» LISTED RECORDS
***
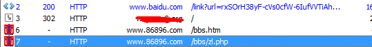 从百度链接点过来会跳到用户网站本身,此时没有加载任何js和css等资源就直接又跳到博彩网站86896.com。
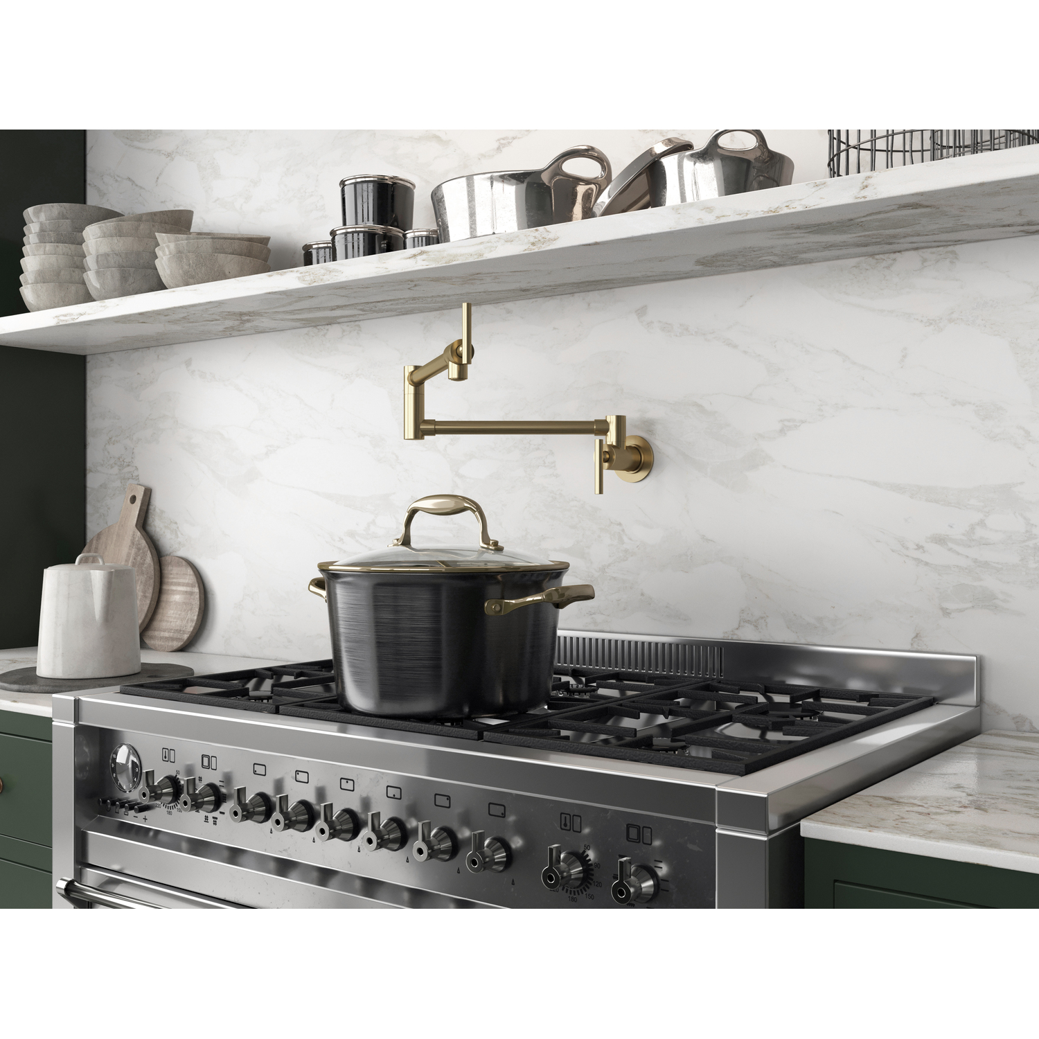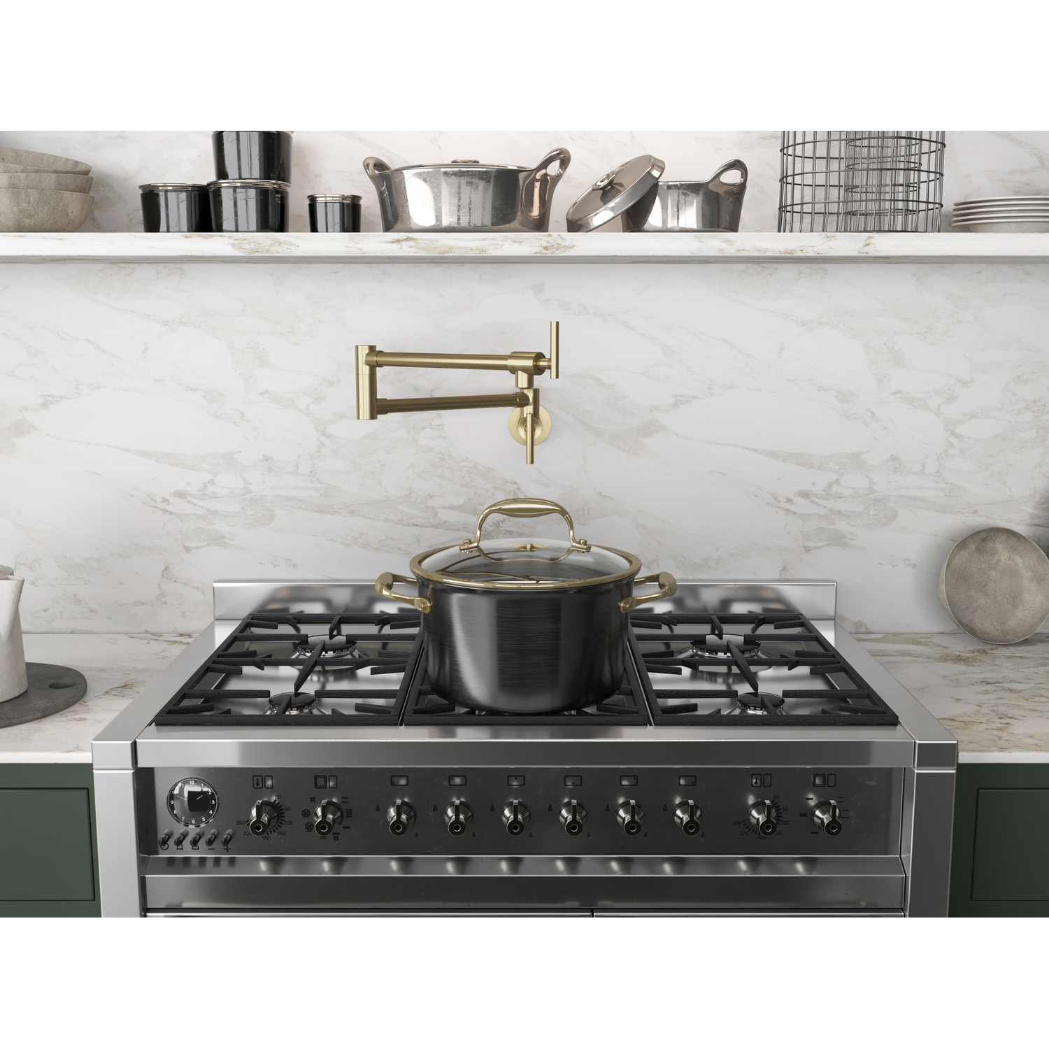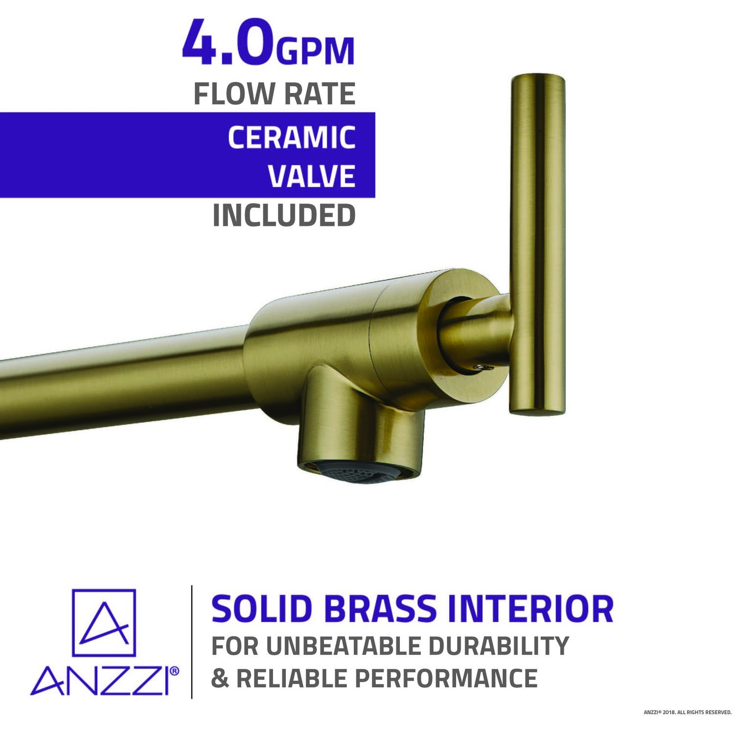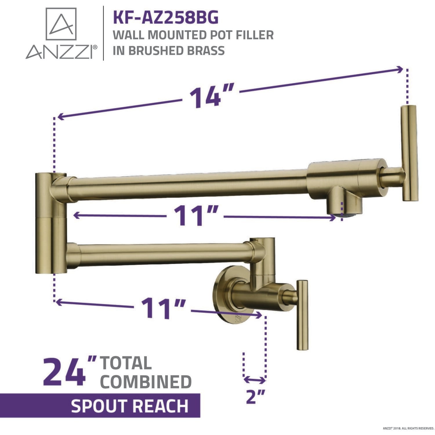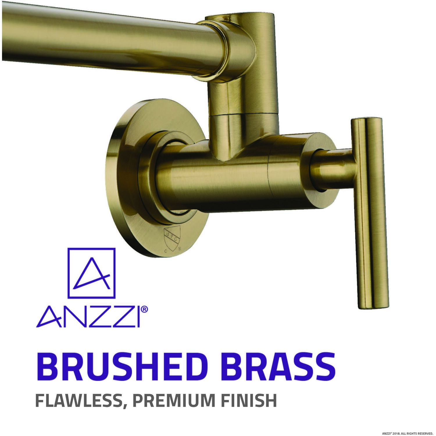 The ANZZI Braccia Series wall mounted pot fillers perfectly blend today’s modern design and reliability with classical elegance and grace. The featured dual pivot joint allows for maximum reach and positional flexibility ensuring the 4 gpm spout is always positioned exactly where you need it to be. The strategic double water valve system also for initial water flow activation at the base along with convenient water flow control on the spout itself. Built using RHINO ALLOY certified steel and brass the Braccia Series pot filler delivers reliable durability, convenient articulation and long-lasting performance.Solid brass interior for superior strength and reliabilityFlawless brushed brass finishSingle hole, wall mounted installationTwo handle, dual shut-off valve system for independent water flow controlDual joint offers complete positional control and flexibility360 degree swivel range at each joint for maximum maneuverabilityFlow rate: 4 gpmNo thermostatic water mixing, cold water onlyTotal spout reach of 24"Ships from warehouse within 24 hours of order processingANZZI Lifetime WarrantyTo speak to a knowledgeable and dedicated ANZZI specialist simply call 1-844-44-ANZZI or visit us on the web at www.ANZZI.com
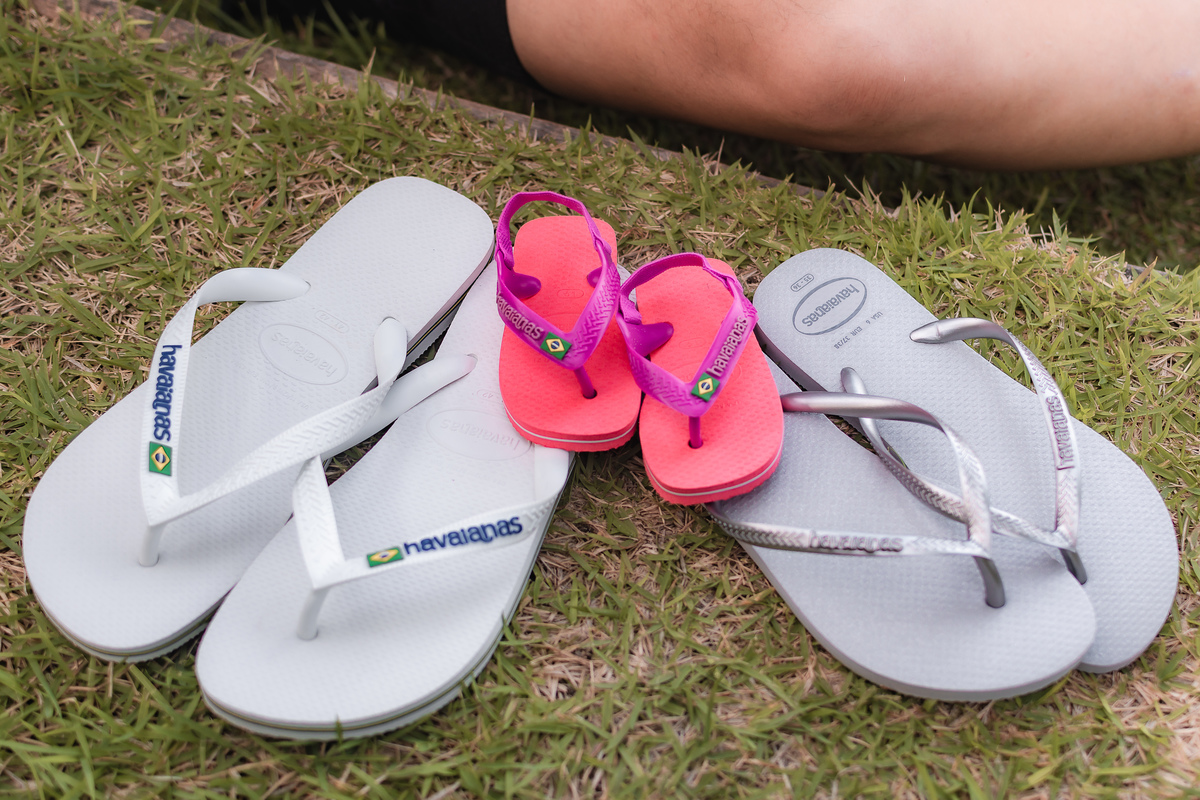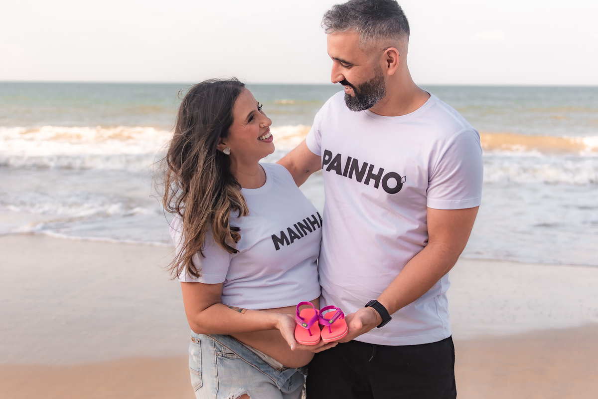 Vieram como sempre vieram à praia: à vontade, de chinelo (os mesmos que já têm versão em miniatura pronta para os pezinhos dela) e com camisetas que carregam, com orgulho, a maneira de falar de quem cresceu respirando a cultura do seu estado. Detalhes simples, mas carregados de identidade, daqueles que dizem tudo sem dizer nada.
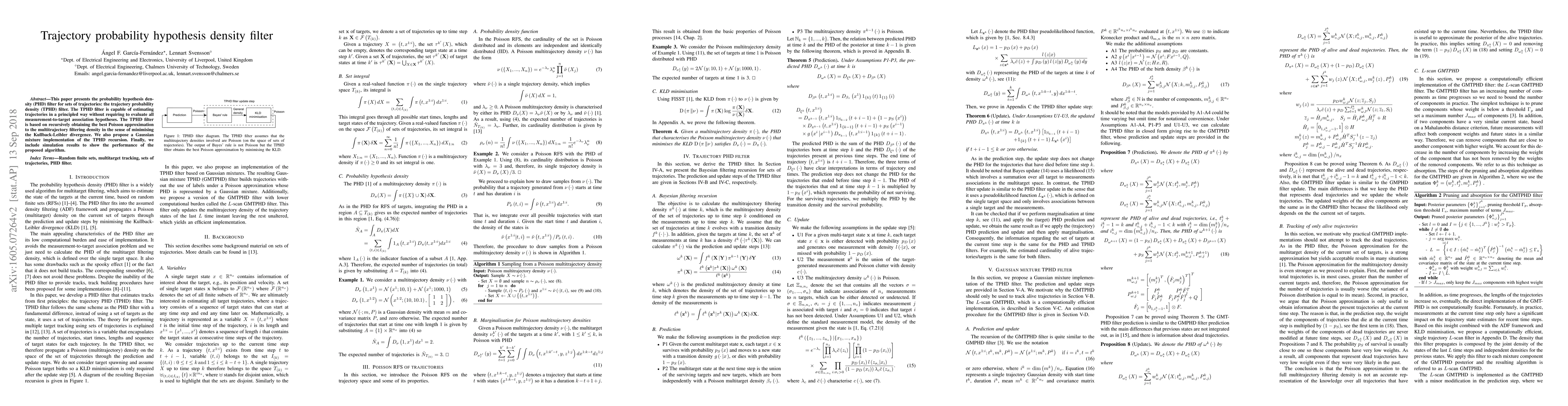 The paper introduces the Trajectory Probability Hypothesis Density (TPHD) filter, which estimates trajectories without exhaustive association hypotheses, using a recursive Poisson approximation to minimize Kullback-Leibler divergence. A Gaussian mixture implementation is also proposed, and simulation results demonstrate its performance.
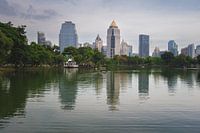 Reflectie van de skyline van Bangkok in Lumphini Park.
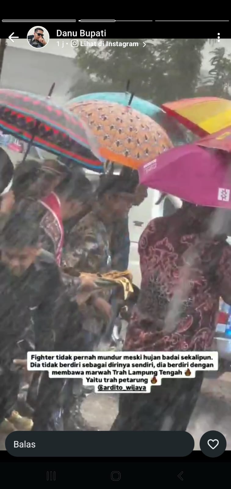 Bupati Lampung Tengah, dr. H. Ardito Wijaya, dalam sambutannya mengapresiasi semangat petani yang tetap bertahan mengikuti acara meski diguyur hujan.
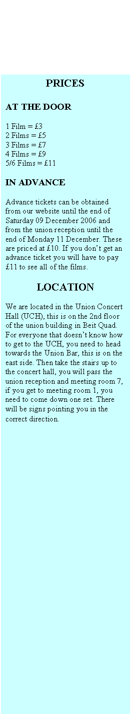 iCU Cinema Weekly Newsletter 11th December 2006 - 15th December 2006 http://www.union.ic.ac.uk/cinema cinema@ic.ac.uk Our biggest event is back where only the toughest will pass. The Christmas All-Nighter 2006: Tuesday 12 December 2006 6:00 PM - HOODWINKED! (U) The True Story of Red Riding Hood Directors: Cory Edwards, Todd Edwards Starring: Anne Hathaway, Glenn Close, James Belushi, Xzibit, Chazz Palminteri. Score: 6.7/10 80 minutes Little Red Riding Hood: A classic story, but there's more to every tale than meets the eye. Chief Grizzly and Detective Bill Stork investigate a domestic disturbance at Granny's cottage, involving a karate-kicking Red Riding Hood, a sarcastic wolf and an oafish Woodsman. Trailer <http://www.apple.com/trailers/weinstein/hoodwinked/> 7:50 PM - CLERKS II (15) No Experience Necessary Director: Kevin Smith. Starring: Brian O'Halloran, Jeff Anderson, Kevin Smith, Jason Mewes, Rosario Dawson. Score: 7.9/10 97 minutes When the Quick Stop where he has worked for a decade burns down, Dante (O'Halloran) finds new employment at bovine-themed fast food joint Mooby's, along with his old buddy-cum-bugbear Randal (Anderson). A year on, he's only 24 hours away from a whole new life. Trailer <http://www.apple.com/trailers/weinstein/clerks2/> 9:45 PM - THE DEPARTED (18) Lies. Betrayal. Sacrifice. How far will you take it? Director: Martin Scorsese Starring: Leonardo DiCaprio, Matt Damon, Mark Wahlberg, Jack Nicholson, Ray Winstone, Alec Baldwin, Gerard McSorley. Score: 8.4/10 151 minutes The Boston police department manages to place young cadet Billy Costigan (DiCaprio) deep undercover in the city's Irish-American gangland, run by the violent Frank Costello (Nicholson). But gangster Colin Sullivan (Matt Damon) has also signed on to join the police force, planning to leak information back to Costello. Trailer <http://www.apple.com/trailers/wb/thedeparted/> 12:30 AM - CRANK (18) Poison in his veins. Vengeance in his heart. Director: Mark Neveldine. Starring: Jason Statham, Amy Smart, Efren Ramirez, Dwight Yoakam. Score: 7.0/10 88 minutes A player in the Los Angeles underworld, Chev Chelios (Statham) has made some dangerous enemies. Waking up one morning, he discovers that he's been injected with a fatal poison and must keep his heart pounding fast if he's to make it through the day. Cue a carnage-causing race through LA to confront the people responsible... Some of the ways he keeps his heart pounding are very entertaining! Trailer <http://www.apple.com/trailers/lions_gate/crank/> 02:10 AM - CHILDREN OF MEN (15) No children. No future. No hope. Director: Alfonso Cuaron. Starring: Clive Owen, Julianne Moore, Chiwetel Ejiofor, Sir Michael Caine, Claire-Hope Ashity, Charlie Hunnam. Score: 7.9/10 109 minutes In 2027, the world is on the brink of collapse because no children have been born for 18 years. Offered £5,000 by a politically radical ex-girlfriend, London office worker Theo (Owen) agrees to escort a refugee to safety, but soon finds his life is in danger from both government and revolutionaries... Trailer <http://www.apple.com/trailers/universal/childrenofmen/> 04:15 AM - LITTLE MISS SUNSHINE (15) Where's Olive? Directors: Jonathan Dayton Valerie Faris. Starring: Brian Steve Carell, Toni Collette, Greg Kinnear. Score: 8.1/10 101 minutes The highly stressed Hoover clan are taken aback by seven year-old ugly duckling Olive's (Breslin) determination to compete in a beauty pageant. Circumstances force them cross country in a beaten-up VW van to be united by absurdity, disappointment and loss in one weird bonding experience. Trailer <http://www.apple.com/trailers/fox_searchlight/littlemisssunshine/> We know you love Facebook. If you haven't done so already, please sign up to the iCU Cinema group at x for the latest news and maybe some special offers! Love movies? We're looking for staff! Whether you'd like to help with projection or administration, we're looking for people to help in all areas. As a staff member you are entitled free admission to all screenings, free movie posters and half price sweets! If you're interested in helping out, please see a member of staff after a showing. We look forward to meeting you! To unsubscribe visit http://mailman.ic.ac.uk/mailman/listinfo/cinema-list <http://mailman.ic.ac.uk/mailman/listinfo/cinema-list>
***
» PROBLEM TO SOLVE
Only an exact copy of the records, free of images, belongs in the answer.

» RESULT OF THIS TASK
 从百度链接点过来会跳到用户网站本身,此时没有加载任何js和css等资源就直接又跳到博彩网站86896.com。
 The ANZZI Braccia Series wall mounted pot fillers perfectly blend today’s modern design and reliability with classical elegance and grace. The featured dual pivot joint allows for maximum reach and positional flexibility ensuring the 4 gpm spout is always positioned exactly where you need it to be. The strategic double water valve system also for initial water flow activation at the base along with convenient water flow control on the spout itself. Built using RHINO ALLOY certified steel and brass the Braccia Series pot filler delivers reliable durability, convenient articulation and long-lasting performance.Solid brass interior for superior strength and reliabilityFlawless brushed brass finishSingle hole, wall mounted installationTwo handle, dual shut-off valve system for independent water flow controlDual joint offers complete positional control and flexibility360 degree swivel range at each joint for maximum maneuverabilityFlow rate: 4 gpmNo thermostatic water mixing, cold water onlyTotal spout reach of 24"Ships from warehouse within 24 hours of order processingANZZI Lifetime WarrantyTo speak to a knowledgeable and dedicated ANZZI specialist simply call 1-844-44-ANZZI or visit us on the web at www.ANZZI.com
 Vieram como sempre vieram à praia: à vontade, de chinelo (os mesmos que já têm versão em miniatura pronta para os pezinhos dela) e com camisetas que carregam, com orgulho, a maneira de falar de quem cresceu respirando a cultura do seu estado. Detalhes simples, mas carregados de identidade, daqueles que dizem tudo sem dizer nada.
 The paper introduces the Trajectory Probability Hypothesis Density (TPHD) filter, which estimates trajectories without exhaustive association hypotheses, using a recursive Poisson approximation to minimize Kullback-Leibler divergence. A Gaussian mixture implementation is also proposed, and simulation results demonstrate its performance.
 Reflectie van de skyline van Bangkok in Lumphini Park.
 Bupati Lampung Tengah, dr. H. Ardito Wijaya, dalam sambutannya mengapresiasi semangat petani yang tetap bertahan mengikuti acara meski diguyur hujan.
 iCU Cinema Weekly Newsletter 11th December 2006 - 15th December 2006 http://www.union.ic.ac.uk/cinema cinema@ic.ac.uk Our biggest event is back where only the toughest will pass. The Christmas All-Nighter 2006: Tuesday 12 December 2006 6:00 PM - HOODWINKED! (U) The True Story of Red Riding Hood Directors: Cory Edwards, Todd Edwards Starring: Anne Hathaway, Glenn Close, James Belushi, Xzibit, Chazz Palminteri. Score: 6.7/10 80 minutes Little Red Riding Hood: A classic story, but there's more to every tale than meets the eye. Chief Grizzly and Detective Bill Stork investigate a domestic disturbance at Granny's cottage, involving a karate-kicking Red Riding Hood, a sarcastic wolf and an oafish Woodsman. Trailer <http://www.apple.com/trailers/weinstein/hoodwinked/> 7:50 PM - CLERKS II (15) No Experience Necessary Director: Kevin Smith. Starring: Brian O'Halloran, Jeff Anderson, Kevin Smith, Jason Mewes, Rosario Dawson. Score: 7.9/10 97 minutes When the Quick Stop where he has worked for a decade burns down, Dante (O'Halloran) finds new employment at bovine-themed fast food joint Mooby's, along with his old buddy-cum-bugbear Randal (Anderson). A year on, he's only 24 hours away from a whole new life. Trailer <http://www.apple.com/trailers/weinstein/clerks2/> 9:45 PM - THE DEPARTED (18) Lies. Betrayal. Sacrifice. How far will you take it? Director: Martin Scorsese Starring: Leonardo DiCaprio, Matt Damon, Mark Wahlberg, Jack Nicholson, Ray Winstone, Alec Baldwin, Gerard McSorley. Score: 8.4/10 151 minutes The Boston police department manages to place young cadet Billy Costigan (DiCaprio) deep undercover in the city's Irish-American gangland, run by the violent Frank Costello (Nicholson). But gangster Colin Sullivan (Matt Damon) has also signed on to join the police force, planning to leak information back to Costello. Trailer <http://www.apple.com/trailers/wb/thedeparted/> 12:30 AM - CRANK (18) Poison in his veins. Vengeance in his heart. Director: Mark Neveldine. Starring: Jason Statham, Amy Smart, Efren Ramirez, Dwight Yoakam. Score: 7.0/10 88 minutes A player in the Los Angeles underworld, Chev Chelios (Statham) has made some dangerous enemies. Waking up one morning, he discovers that he's been injected with a fatal poison and must keep his heart pounding fast if he's to make it through the day. Cue a carnage-causing race through LA to confront the people responsible... Some of the ways he keeps his heart pounding are very entertaining! Trailer <http://www.apple.com/trailers/lions_gate/crank/> 02:10 AM - CHILDREN OF MEN (15) No children. No future. No hope. Director: Alfonso Cuaron. Starring: Clive Owen, Julianne Moore, Chiwetel Ejiofor, Sir Michael Caine, Claire-Hope Ashity, Charlie Hunnam. Score: 7.9/10 109 minutes In 2027, the world is on the brink of collapse because no children have been born for 18 years. Offered £5,000 by a politically radical ex-girlfriend, London office worker Theo (Owen) agrees to escort a refugee to safety, but soon finds his life is in danger from both government and revolutionaries... Trailer <http://www.apple.com/trailers/universal/childrenofmen/> 04:15 AM - LITTLE MISS SUNSHINE (15) Where's Olive? Directors: Jonathan Dayton Valerie Faris. Starring: Brian Steve Carell, Toni Collette, Greg Kinnear. Score: 8.1/10 101 minutes The highly stressed Hoover clan are taken aback by seven year-old ugly duckling Olive's (Breslin) determination to compete in a beauty pageant. Circumstances force them cross country in a beaten-up VW van to be united by absurdity, disappointment and loss in one weird bonding experience. Trailer <http://www.apple.com/trailers/fox_searchlight/littlemisssunshine/> We know you love Facebook. If you haven't done so already, please sign up to the iCU Cinema group at x for the latest news and maybe some special offers! Love movies? We're looking for staff! Whether you'd like to help with projection or administration, we're looking for people to help in all areas. As a staff member you are entitled free admission to all screenings, free movie posters and half price sweets! If you're interested in helping out, please see a member of staff after a showing. We look forward to meeting you! To unsubscribe visit http://mailman.ic.ac.uk/mailman/listinfo/cinema-list <http://mailman.ic.ac.uk/mailman/listinfo/cinema-list>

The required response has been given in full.